Ich wollte gerade die Strecken auf AbsolutGPS downloaden. Auf den Karten dort werden die aktualisierten Strecken angezeigt, beim Download bekomme ich aber wieder die "alten" mit der Strecke über den Spitzingsee. Probiert habe ich sowohl B als auch C Strecke!


----------



## MTB-News.de




----------



## wallberg (22. Mai 2015)

Steppenwolf39 schrieb:


> Ich wollte gerade die Strecken auf AbsolutGPS downloaden. Auf den Karten dort werden die aktualisierten Strecken angezeigt, beim Download bekomme ich aber wieder die "alten" mit der Strecke über den Spitzingsee. Probiert habe ich sowohl B als auch C Strecke!


Danke,
leite ich sofort weiter!

wallberg


----------



## Steppenwolf39 (24. Mai 2015)

Tracks stimmen jetzt beim Download!
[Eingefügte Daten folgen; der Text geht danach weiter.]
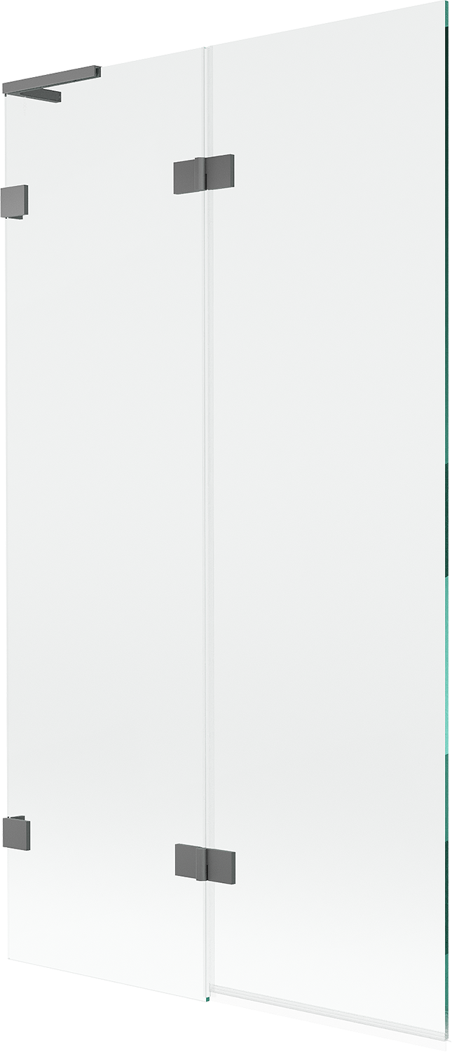 Skärmvägg tillverkad av två vingar med möjlighet att fällas ihop. En sådan lösning sparar mer utrymme i badrummet och möjliggör fri användning av det återstående utrymmet när vi inte använder badzonen.

Ganz schön knackig die neuen Strecken;-)


----------



## mfux (24. Mai 2015)

Wie schauts den mit Übernachtungsmögkichkeiten aus?


----------



## Steppenwolf39 (24. Mai 2015)

mfux schrieb:


> Wie schauts den mit Übernachtungsmögkichkeiten aus?
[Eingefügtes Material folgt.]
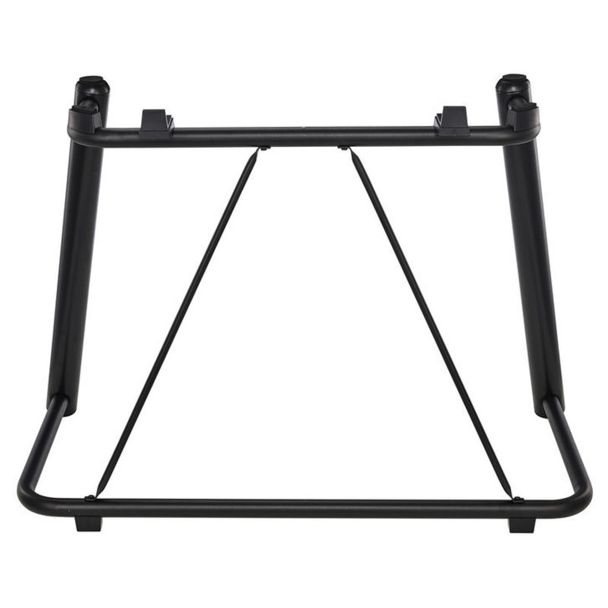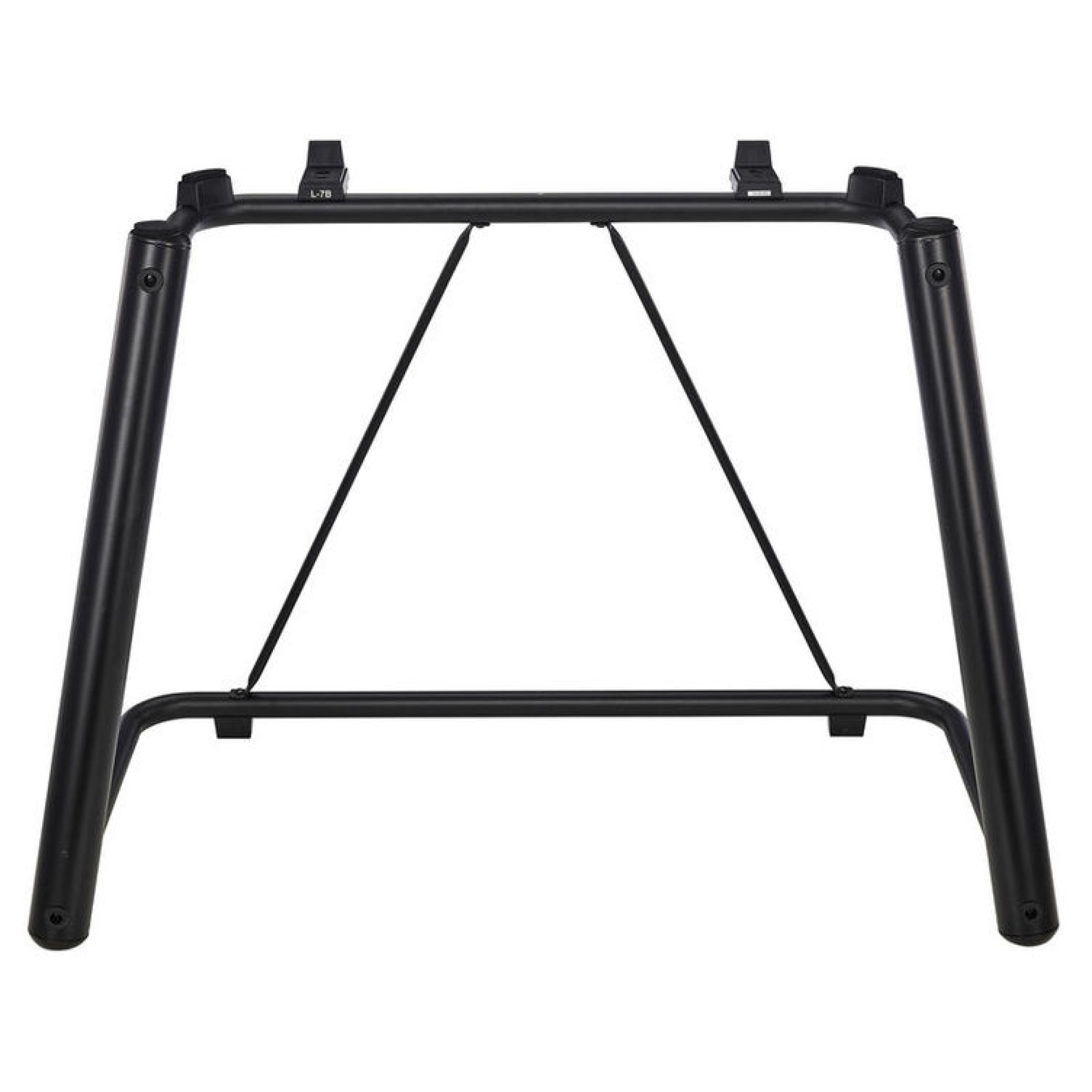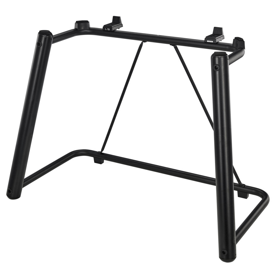 Стійка для робочої станції Yamaha Genos. Міцні ніжки утримують клавіатуру, залишаючи досить місця для ніг, щоб грати сидячи. Інструмент надійно зафіксований на стійці й підтримується товстими прокладками з пінопласту для максимальної безпеки та надійності.

Brauchst Du nicht, so lange ist die Strecke nicht. Das schaffst Du an einem Tag;-)


----------



## mfux (24. Mai 2015)

woher weisst du das? Wenn s da nen Wirt gibt, wirds gefährlich...
Meinte natürlich fürs Wochenende!


----------



## wallberg (25. Mai 2015)

Ja, die Strecken sind knackig! Aber schön!
Für Übernachtungen wendet Euch bitte an unsere Touristinfo!
www.tegernsee.com

Heute war´s Super!

Wallberg


----------



## Steppenwolf39 (26. Mai 2015)

mfux schrieb:


> woher weisst du das? Wenn s da nen Wirt gibt, wirds gefährlich...
> Meinte natürlich fürs Wochenende!



Klingt nach einem soliden Plan;-)


----------



## wallberg (29. Mai 2015)

Erste Schilder stehen.  Sonntag offizielle Strecken Besichtigung.


----------



## Steppenwolf39 (29. Mai 2015)

Bin heute die C-Srecke gefahren. Topzustand, weniger nass als erwartet. Schöne und anspruchsvolle Strecke, schon mal Danke and die Organisatoren. Schön, dass der Wallberg Trail wieder drin ist und mit dem Wurzeltrail auf der Neureuth Abfahrt habt ihr ein echtes Schmankerl ausgepackt;-)
Auf der alten Strecke habe ich die Kühzagl Auffährt am Ende immer gehasst. Jetzt werde ich halt die Kühzagl- UND die Gindlalm Auffahrt hassen;-)  Galaun ist sowieso ein Thema für sich, aber da weiß man ja, dass man's bald geschafft hat.
Das wird wieder ein super Rennen!


----------



## MTB-News.de




----------



## naishy (30. Mai 2015)

Bin gestern die B-Strecke gefahren. Kann mich Steppenwolf nur anschließen, super Strecke.


----------



## Dirk Nennen (31. Mai 2015)

Hey, na das hört sich ja gut an. 
Werde am Sonntag das erste mal dabei sein, mit nem Kumpel zusammen werde ich die B-Strecke fahren. 
Wie sind denn die Abfahrten? 
Gibt's was "leckeres" und technisches?

Gruß Dirk


----------



## wallberg (1. Juni 2015)

Dirk Nennen schrieb:


> Hey, na das hört sich ja gut an.
> Werde am Sonntag das erste mal dabei sein, mit nem Kumpel zusammen werde ich die B-Strecke fahren.
> Wie sind denn die Abfahrten?
> Gibt's was "leckeres" und technisches?
> ...


Danke für das tolle Feedback!
Auf der B ist die Abfahrt nach Kreuth über einen schönen Trial,
der am Einstieg über Wurzeln und starkes Gefälle am Anspruchsvollsten ist.
Nach unten wird er flowiger und macht Spaß!
Pass auf die Querrillen, Bäume und Steine auf dem Weg auf!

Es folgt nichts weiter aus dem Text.